You defined the events that occurred in June 2009 and September 2014 as "extreme". How can you classify such events as "extreme"? Was a statistical analysis carried out?

You added in the susceptibility analysis the rainfall data on the landslide failure day, i.e. the triggering precipitation conditions. I think this is questionable and in contrast with the theoretical definition of susceptibility (see e.g. Reichenbach et al. (2018) [https://doi.org/10.1016/j.earscirev.2018.03.001]; van Westen et al. (2008) [https://doi.org/10.1016/j.enggeo.2008.03.010]). Landslide susceptibility is "the likelihood of a landslide occurring in an area on the basis of the local terrain and environmental conditions", therefore the triggering rainfall conditions should be removed from this analysis.

You also wrote "For the landslide susceptibility analysis, we linked predisposing and triggering factors to landslide occurrences.". I think this can be considered a methodological issue.
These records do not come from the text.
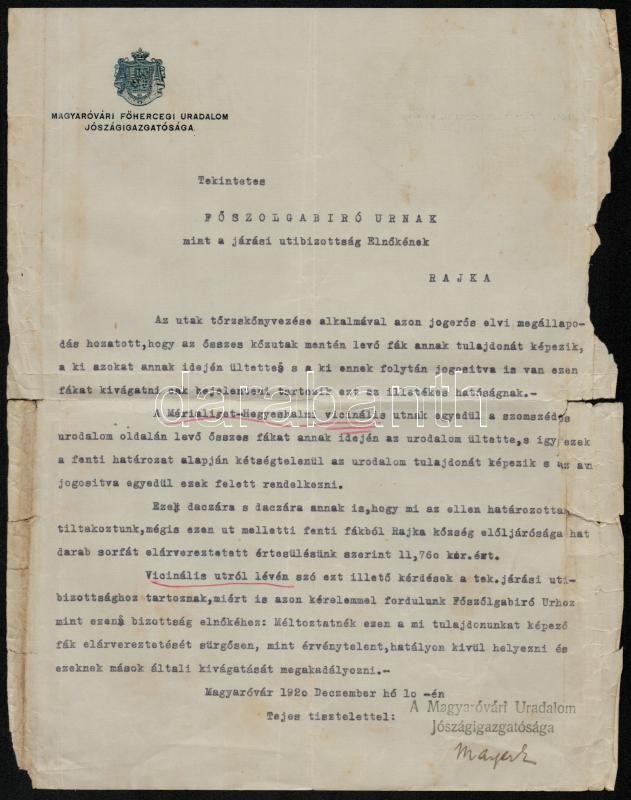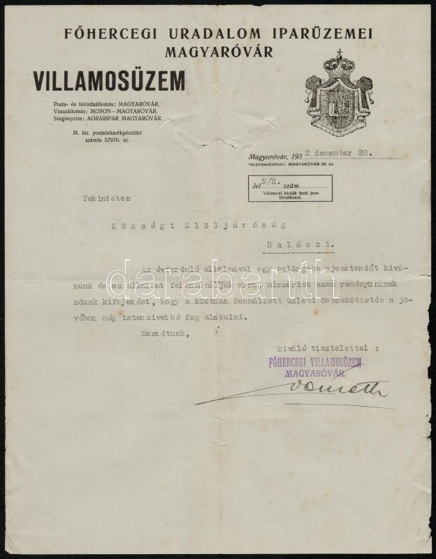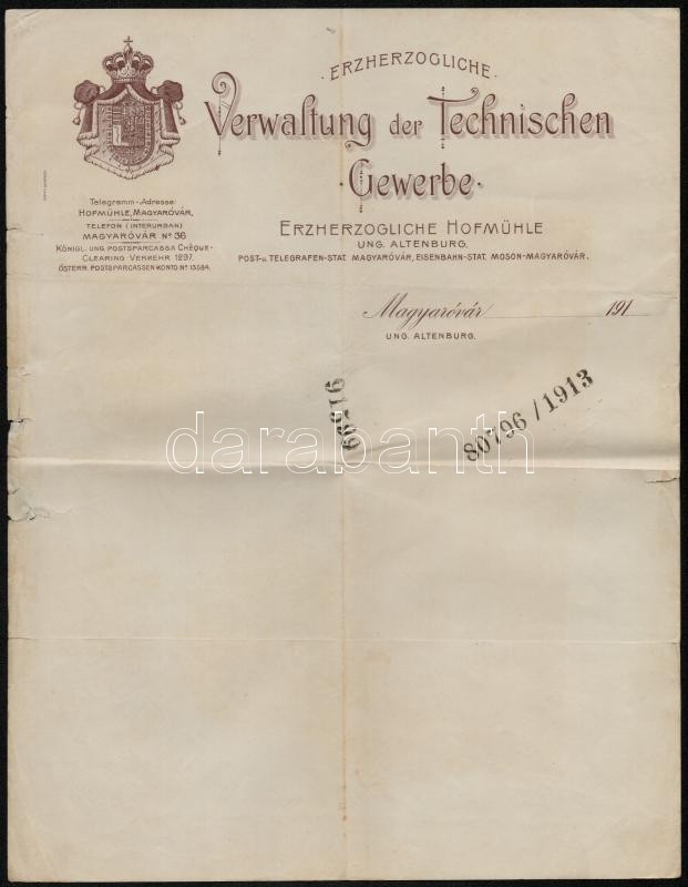 1913-1932 2 db magyaróvári főhercegi uradalmi fejléces levél https://www.darabanth.com/de/336-Fernauktion/336.0/Kunst-Dokumente-andere-Sammelgebiete/Dokument~500017/1913-1932-2-db-magyarovari-fohercegi-uradalmi-fejleces-level~II1887714
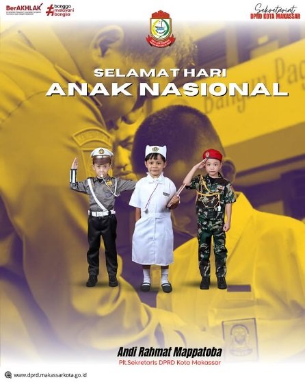 Sekretariat DPRD Kota Makassar mengucapkan selamat memperingati Hari Anak Nasional (HAN) tahun 2025 pada Rabu (23/7/2025) hari ini.
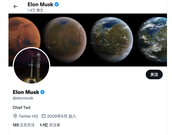 马斯克把自己的推特简介也改成了Chef Twit,一语双关“推特老板”与“首席大蠢瓜”,还把自己的定位改为了推特总部大楼,正式宣布自己入主推特。
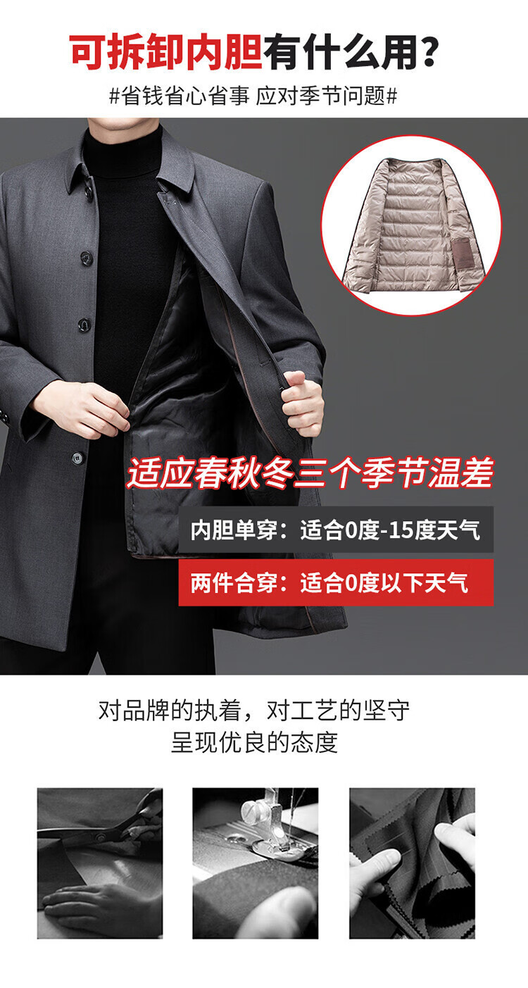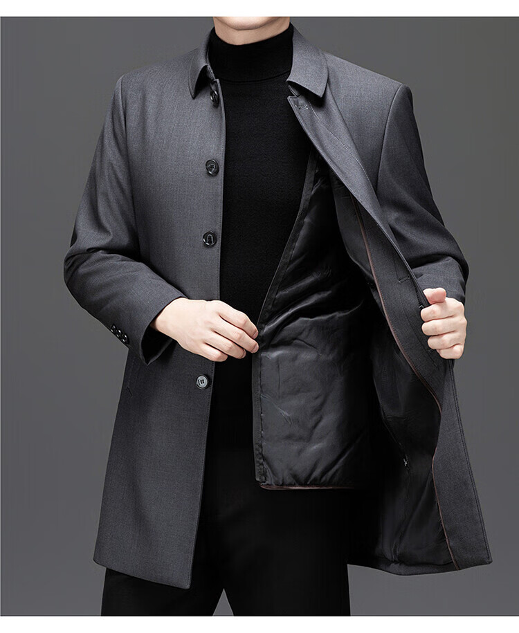 Зимняя ветровка средней длины Flying in the Snow 2025 90 Длинный пуховик на белом утином пуху со съемной подкладкой Теплая куртка для папы среднего возраста Серый M
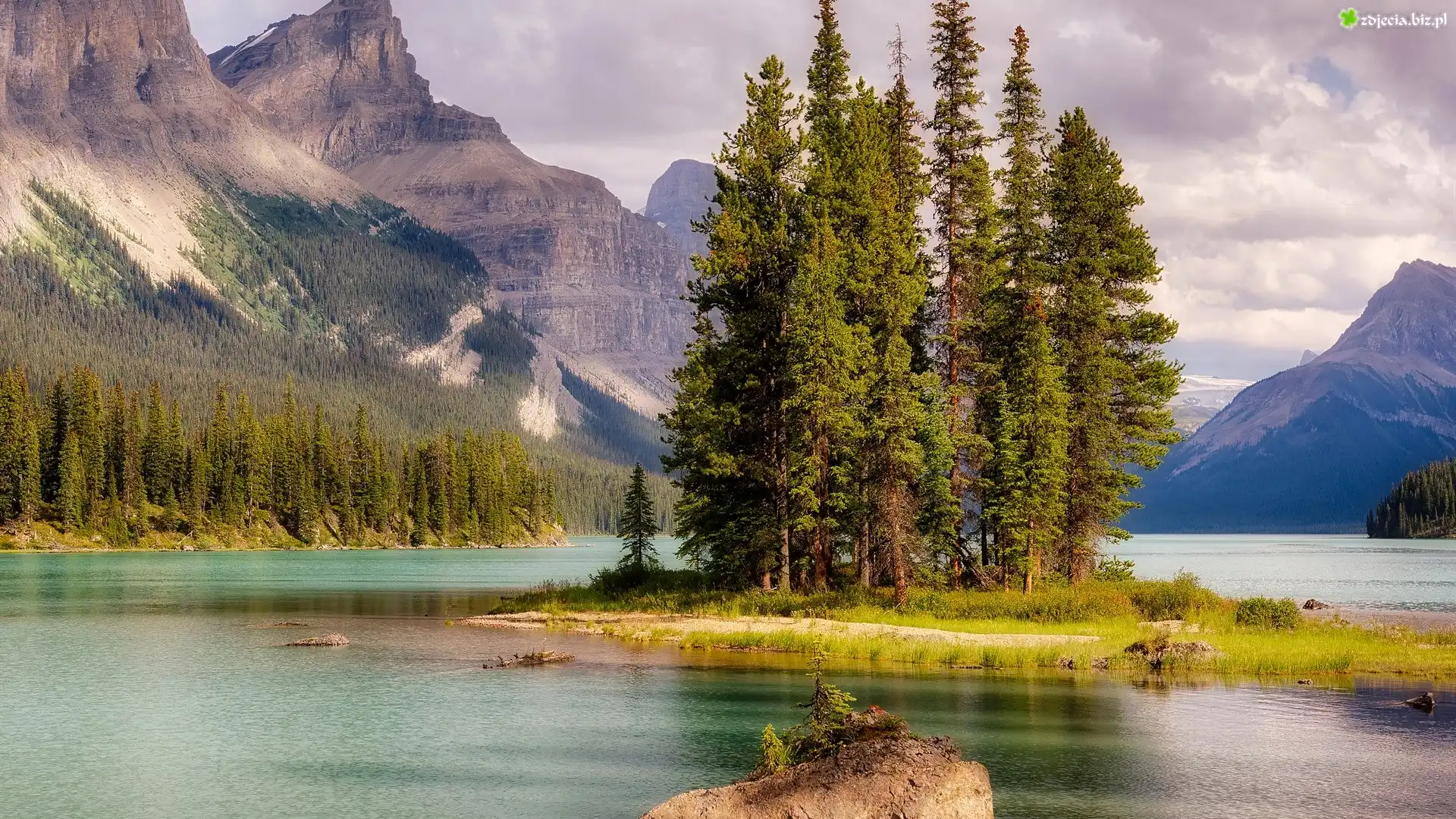 Zdjęcie Wyspa Ducha, Wyspa Spirit Island, Jezioro Maligne, Park Narodowy Jasper, Kanada, Góry, Drzewa |

Regarding the environmental change simulation, you wrote (line 153) that "Adopting active forest management in the developed future LULC scenario, coniferous forest was replaced by climate resilient mixed forest".

If I have understood well, all LULC changes were defined to have a potentially positive effect on slope stability. If it is so, why not considering also some "negative" changes?

Furthermore, you wrote (line 161) "Specifically, for each grid cell we determined the maximum three-hour rainfall intensity, and we took the maximum five-day rainfall."

In my opinion, also this is questionable, given that it is not always the most severe rainfall condition during a meteorological event that can trigger landslides. An explanation is needed.

Finally, I suggest using round brackets for units of measurement. Please check all over the text.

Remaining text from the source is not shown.